Knowledge Bases for Amazon Bedrock
Amazon OpenSearch Serverless

We walk through the following high-level steps:

Preprocess the IMDb data to create documents from every movie record and upload the data into an Amazon Simple Storage Service (Amazon S3) bucket.
Create a knowledge base.
Sync your knowledge base with your data source.
Use the knowledge base to answer semantic queries about the movie catalog.

Prerequisites

The IMDb data used in this post requires a commercial content license and paid subscription to IMDb and Box Office Mojo Movies/TV/OTT licensing package on AWS Data Exchange. To inquire about a license and access sample data, visit developer.imdb.com. To access the dataset, refer to Power recommendation and search using an IMDb knowledge graph – Part 1 and follow the Access the IMDb data section.

Preprocess the IMDb data

Before we create a knowledge base, we need to preprocess the IMDb dataset into text files and upload them to an S3 bucket. In this post, we simulate a customer catalog using the IMDb dataset. We take 10,000 popular movies from the IMDb dataset for the catalog and build the dataset.

Use the following notebook to create the dataset with additional info like actors, director, and producer names. We use the following code to create a single file for a movie with all the information stored in the file in an unstructured text that can be understood by LLMs:

def create_txt_files_imdb(row):
    full_text = ""
    full_text += f"{row['originalTitle']} ({row['titleId']}) was shot in year {int(row['year'])} with rating {row['rating']} and poster url {row['poster_url']}.nn"
    full_text += f"{row['originalTitle']} has genres {', '.join(row['genres'])}.nn"
    full_text += f"{row['originalTitle']} has actors {', '.join(row['Actors'])}.nn"   
    full_text += f"{row['originalTitle']} has directors {', '.join(row['Directors'])}.nn"
    full_text += f"{row['originalTitle']} has producers {', '.join(row['Producers'])}.nn"
    full_text += f"{row['originalTitle']} has keyword {', '.join([x.replace('-',' ') for x in row['keyword']])}.nn"
    full_text += f"{row['originalTitle']} has location {', '.join(row['location'])}.nn"
    full_text += f"{row['originalTitle']} has plot {row['plot']}.nn"
    with open(f"<path>/data/imdb_data/{row['titleId']}.txt","w") as f:
        f.write(full_text)
    return full_text

After you have the data in .txt format, you can upload the data into Amazon S3 using the following command:

aws s3 cp <path to local data> s3://<bucket-name>/<path>/ --recursive

Create the IMDb Knowledge Base

Complete the following steps to create your knowledge base:

On the Amazon Bedrock console, choose Knowledge base in the navigation pane.
Choose Create knowledge base.
For Knowledge base name, enter imdb.
For Knowledge base description, enter an optional description, such as Knowledge base for ingesting and storing imdb data.
For IAM permissions, select Create and use a new service role, then enter a name for your new service role.
Choose Next.

For Data source name, enter imdb-s3.
For S3 URI, enter the S3 URI that you uploaded the data to.
In the Advanced settings – optional section, for Chunking strategy, choose No chunking.
Choose Next.

Knowledge bases enable you to chunk your documents in smaller segments to make it straightforward for you to process large documents.

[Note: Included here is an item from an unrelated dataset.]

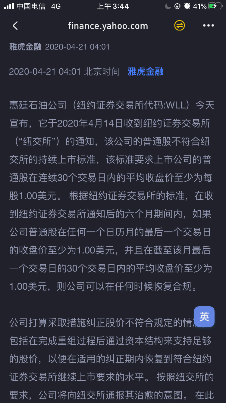 {"i18n":{"language":"zh_CN"},"detailType":1,"isChannel":false,"data":{"magic":2,"id":922591578,"tweetId":"922591578","gmtCreate":1587584693394,"gmtModify":1704364873451,"author":{"id":3479335420294720,"idStr":"3479335420294720","authorId":3479335420294720,"authorIdStr":"3479335420294720","name":"永远不要追高","avatar":"https://static.laohu8.com/default-avatar.jpg","vip":1,"userType":1,"introduction":"","boolIsFan":false,"boolIsHead":false,"crmLevel":2,"crmLevelSwitch":0,"individualDisplayBadges":[],"fanSize":109,"starInvestorFlag":false},"themes":[],"images":[{"img":"https://static.tigerbbs.com/a92c5792722287f6e8105f19750a46af","width":"750","height":"1334"}],"coverImages":[{"img":"https://static.tigerbbs.com/a92c5792722287f6e8105f19750a46af","width":"750","height":"1334"}],"extraTitle":"","html":"<html><head></head><body> <a href=\"https://laohu8.com/S/WLL\">$Whiting Petroleum Corp(WLL)$</a>这是要避免退市,冲上一块了今晚<img src=\"https://static.tigerbbs.com/a92c5792722287f6e8105f19750a46af\" tg-width=\"750\" tg-height=\"1334\"></body></html>","htmlText":"<html><head></head><body> <a href=\"https://laohu8.com/S/WLL\">$Whiting Petroleum Corp(WLL)$</a>这是要避免退市,冲上一块了今晚<img src=\"https://static.tigerbbs.com/a92c5792722287f6e8105f19750a46af\" tg-width=\"750\" tg-height=\"1334\"></body></html>","text":"$Whiting Petroleum Corp(WLL)$这是要避免退市,冲上一块了今晚","highlighted":1,"essential":1,"paper":1,"likeSize":2,"commentSize":13,"repostSize":0,"favoriteSize":0,"link":"https://laohu8.com/post/922591578","repostId":0,"isVote":1,"tweetType":1,"viewCount":4165,"commentLimit":10,"likeStatus":false,"favoriteStatus":false,"reportStatus":false,"symbols":["WLL"],"verified":2,"subType":0,"readableState":1,"langContent":"CN","currentLanguage":"CN","warmUpFlag":false,"orderFlag":false,"shareable":true,"causeOfNotShareable":"","featuresForAnalytics":[],"commentAndTweetFlag":false,"andRepostAutoSelectedFlag":false,"upFlag":false,"length":56,"xxTargetLangEnum":"ZH_CN"},"commentList":[{"id":2369841,"commentId":"2369841","gmtCreate":1587585917586,"gmtModify":1587585917586,"authorId":3549086308497412,"author":{"id":3549086308497412,"idStr":"3549086308497412","authorId":3549086308497412,"name":"老贾这个骗子","avatar":"https://static.tigerbbs.com/806ad604d58543388f3cdeae54228903","vip":1,"currentWearingBadge":{"badgeId":"35ec162348d5460f88c959321e554969-3","templateUuid":"35ec162348d5460f88c959321e554969","name":"传说交易员","description":"证券或期货账户累计交易次数达到300次","bigImgUrl":"https://static.tigerbbs.com/656db16598a0b8f21429e10d6c1cb033","smallImgUrl":"https://static.tigerbbs.com/03f10910d4dd9234f9b5702a3342193a","grayImgUrl":"https://static.tigerbbs.com/0c767e35268feb729d50d3fa9a386c5a","redirectLinkEnabled":0,"hasAllocated":1,"isWearing":1,"stampPosition":0,"hasStamp":0,"allocationCount":1,"allocatedDate":"2021.12.21","exceedPercentage":"93.72%","individualDisplayEnabled":0,"individualDisplaySort":0,"categoryType":1100},"hat":"https://static.tigerbbs.com/02aa29c2dc9ef542378534f87cda3558","crmLevel":5,"crmLevelSwitch":0,"individualDisplayBadges":[]},"repliedAuthorId":0,"objectId":922591578,"objectIdStr":"922591578","type":1,"supId":0,"supIdStr":"0","prevId":0,"prevIdStr":"0","content":"这个不会破产了?","text":"这个不会破产了?","html":"这个不会破产了?","likeSize":0,"commentSize":5,"subComments":[{"id":2369852,"commentId":"2369852","gmtCreate":1587586303325,"gmtModify":1587586303325,"authorId":3479335420294720,"author":{"id":3479335420294720,"idStr":"3479335420294720","authorId":3479335420294720,"name":"永远不要追高","avatar":"https://static.laohu8.com/default-avatar.jpg","vip":1,"crmLevel":2,"crmLevelSwitch":0,"individualDisplayBadges":[]},"repliedAuthorId":3549086308497412,"repliedAuthor":{"id":3549086308497412,"idStr":"3549086308497412","authorId":3549086308497412,"name":"老贾这个骗子","avatar":"https://static.tigerbbs.com/806ad604d58543388f3cdeae54228903","vip":1,"currentWearingBadge":{"badgeId":"35ec162348d5460f88c959321e554969-3","templateUuid":"35ec162348d5460f88c959321e554969","name":"传说交易员","description":"证券或期货账户累计交易次数达到300次","bigImgUrl":"https://static.tigerbbs.com/656db16598a0b8f21429e10d6c1cb033","smallImgUrl":"https://static.tigerbbs.com/03f10910d4dd9234f9b5702a3342193a","grayImgUrl":"https://static.tigerbbs.com/0c767e35268feb729d50d3fa9a386c5a","redirectLinkEnabled":0,"hasAllocated":1,"isWearing":1,"stampPosition":0,"hasStamp":0,"allocationCount":1,"allocatedDate":"2021.12.21","exceedPercentage":"93.72%","individualDisplayEnabled":0,"individualDisplaySort":0,"categoryType":1100},"hat":"https://static.tigerbbs.com/02aa29c2dc9ef542378534f87cda3558","crmLevel":5,"crmLevelSwitch":0,"individualDisplayBadges":[]},"objectId":922591578,"objectIdStr":"922591578","type":1,"supId":2369841,"supIdStr":"2369841","prevId":2369849,"prevIdStr":"2369849","content":"怕就不要买,买了就不要怕","text":"怕就不要买,买了就不要怕","html":"怕就不要买,买了就不要怕","disclaimerType":0},{"id":2369851,"commentId":"2369851","gmtCreate":1587586297794,"gmtModify":1587586297794,"authorId":3549086308497412,"author":{"id":3549086308497412,"idStr":"3549086308497412","authorId":3549086308497412,"name":"老贾这个骗子","avatar":"https://static.tigerbbs.com/806ad604d58543388f3cdeae54228903","vip":1,"currentWearingBadge":{"badgeId":"35ec162348d5460f88c959321e554969-3","templateUuid":"35ec162348d5460f88c959321e554969","name":"传说交易员","description":"证券或期货账户累计交易次数达到300次","bigImgUrl":"https://static.tigerbbs.com/656db16598a0b8f21429e10d6c1cb033","smallImgUrl":"https://static.tigerbbs.com/03f10910d4dd9234f9b5702a3342193a","grayImgUrl":"https://static.tigerbbs.com/0c767e35268feb729d50d3fa9a386c5a","redirectLinkEnabled":0,"hasAllocated":1,"isWearing":1,"stampPosition":0,"hasStamp":0,"allocationCount"

In our case, we have already chunked the data into a smaller size document (one per movie).

In the Vector database section, select Quick create a new vector store.

Amazon Bedrock will automatically create a fully managed OpenSearch Serverless vector search collection and configure the settings for embedding your data sources using the chosen Titan Embedding G1 – Text embedding model.

Choose Next.

Review your settings and choose Create knowledge base.

Sync your data with the knowledge base

Now that you have created your knowledge base, you can sync the knowledge base with your data.

On the Amazon Bedrock console, navigate to your knowledge base.
In the Data source section, choose Sync.

After the data source is synced, you’re ready to query the data.

Improve search using semantic results

Complete the following steps to test the solution and improve your search using semantic results:

On the Amazon Bedrock console, navigate to your knowledge base.
Select your knowledge base and choose Test knowledge base.
Choose Select model, and choose Anthropic Claude v2.1.
Choose Apply.

Now you are ready to query the data.

We can ask some semantic questions, such as “Recommend me some Christmas themed movies.”

Knowledge base responses contain citations that you can explore for response correctness and factuality.

You can also drill down on any information that you need from these movies. In the following example, we ask “who directed nightmare before christmas?”

You can also ask more specific questions related to the genres and ratings, such as “show me classic animated movies with ratings greater than 7?”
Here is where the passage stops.